Instead of having $T_0$~and~$T_1 = T_0 + \DT$, we thus assume that when
computing the formulas we have access to $S_0$~and~$S_1$.
Then from $\Dt$,
$\omega = \frac{1}{\Dt}\log\left(1 + \frac{\DT}{T_0}\right)
= \frac{1}{\Dt}\log\left(\frac{T_1}{T_0}\right)
= \frac{1}{\Dt}\log\left(\frac{S_0}{S_1}\right)$.
From beats, $\omega = \frac{\DT}{\Db} = \frac{S_0 - S_1}{S_0S_1\Db}$ (or just
use $\omega = \left( \frac{1}{S_1} - \frac{1}{S_0} \right) / \Db$).
To compute $b$~from~$t$ we can use
$b = \frac{\e^{\omega t}-1}{S_0 \omega}$.
And for $S$~from~$t$ we have
$S = \frac{S_0}{\e^{\omega t}} = S_0\e^{-\omega t}$.
As for $t$~from~$b$ the formula becomes
$t = \frac{1}{\omega} \log \left( 1 + S_0 \omega b \right)$.
Lastly, for $S$~from~$b$ we can see:
\[ S = 1/T = \frac{1}{1/S_0 + \omega b} = \frac{S_0}{1+S_0\omega b}\]
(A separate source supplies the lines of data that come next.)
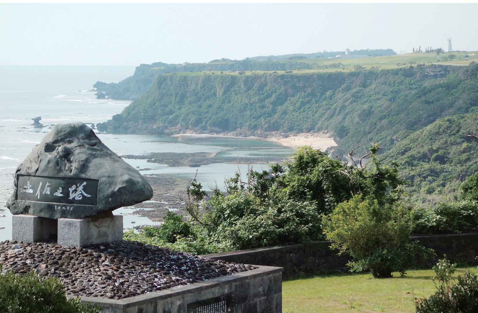
土佐の塔と春霞の慶座絶壁

NANBU TOKUSHUKAI HOSPITAL PUBLIC RELATIONS MAGAZINE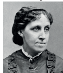
'Oude vrijster' Louisa May Alcott.

ten blijven'. Maar ze voelde zich zo onder druk gezet dat ze niet durfde te weigeren, en koos 'uit perversiteit een eigenaardige partij voor haar'. Aan het einde van deel twee is effectief elke March-zus getrouwd. Of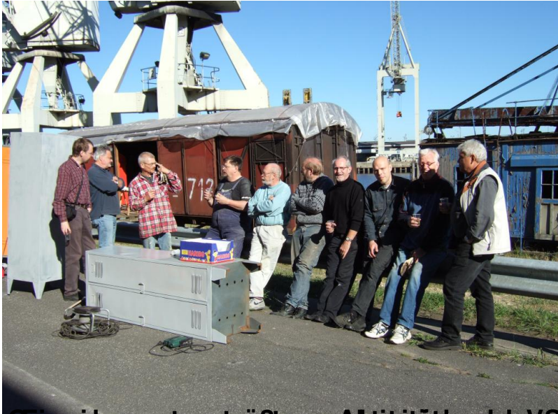
Gemeinsamste größte Aktivität der Vereinsmitglieder der Vereinsgründung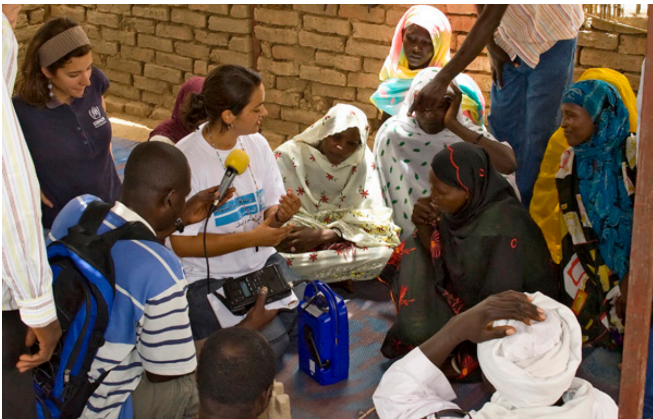
Representante da Seção de Assuntos Cívicos da Missão das Nações Unidas na República Central Africana e no Chade (MINURCAT) ensina mulheres e refugiados a utilizarem rádios carregados à luz solar (Chade, 5 de maio de 2009)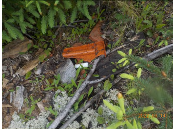
Figure 20: Débris à ramasser du point supplémentaire D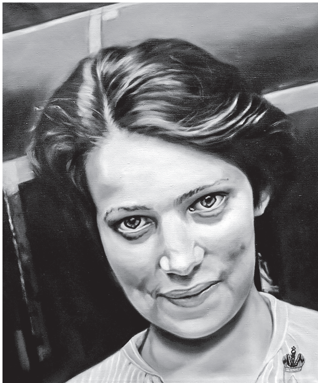
ANNA ANDERSON Õli lõuendil, tikand 90 x 75 cm 2016

1920. aastal sattus ühte Berliini hullumajja enesetapukatse üle elanud tundmatu naine. Hiljem Tšaikovski ja Andersoni nime kasutanud naisterahvas kogus 1922. aasta märtsis tuntust väitega, et on suurhertsoginna Anastasia Romanova, Venemaa viimase keisri Nikolai II noorim tütar. Hoolimata sellest, et juba 1927. aastal selgitati välja, et Anderson on tegelikult vaimuhaigusi varemgi põdenud poolatarist vabrikutöölise Franziska Schanzkowska, leidis kuni tema surmani 1984. aastal inimesi, kes uskusid teda olevat kadunud suurhertsoginna. Tõde selgus alles 2007. aastal, mil viimaks leiti tõelise Anastasia keha.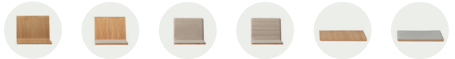
Wooden seat with backrest

LIN WOOD seats are made with oak veneers finished in all the colours of our oak sample card. Upon request, the seats can also be manufactured in beech and walnut veneers.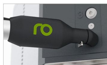
Raccord enfichable PrimeConnect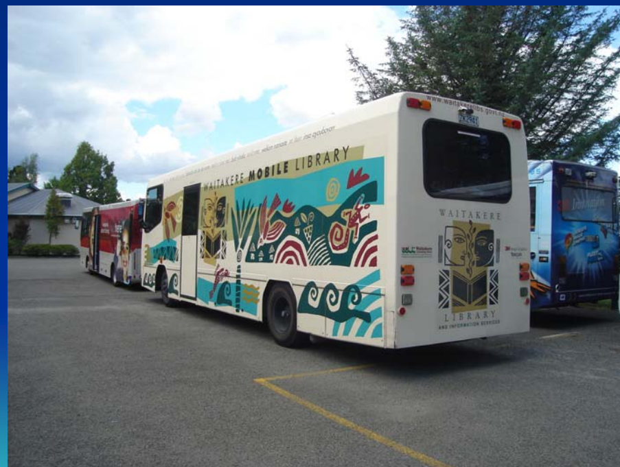
Waitakere Serviço de Biblioteca

Maybe we can also to compute and cache
$\omega' = S_0 \omega = \frac{S_0}{\Dt}\log\left(\frac{S_0}{S_1}\right)
= \frac{S_0 - S_1}{S_1\Db}$
Which is in « per-beats » and occurs often in the formulas (but not
exclusively). Note that the fact that $\omega$~or~$\omega'$ is relevant is
\emph{not} depending on whether we compute from time or from beats, or even if
the ramp length is defined in time or in beats.
\end{document}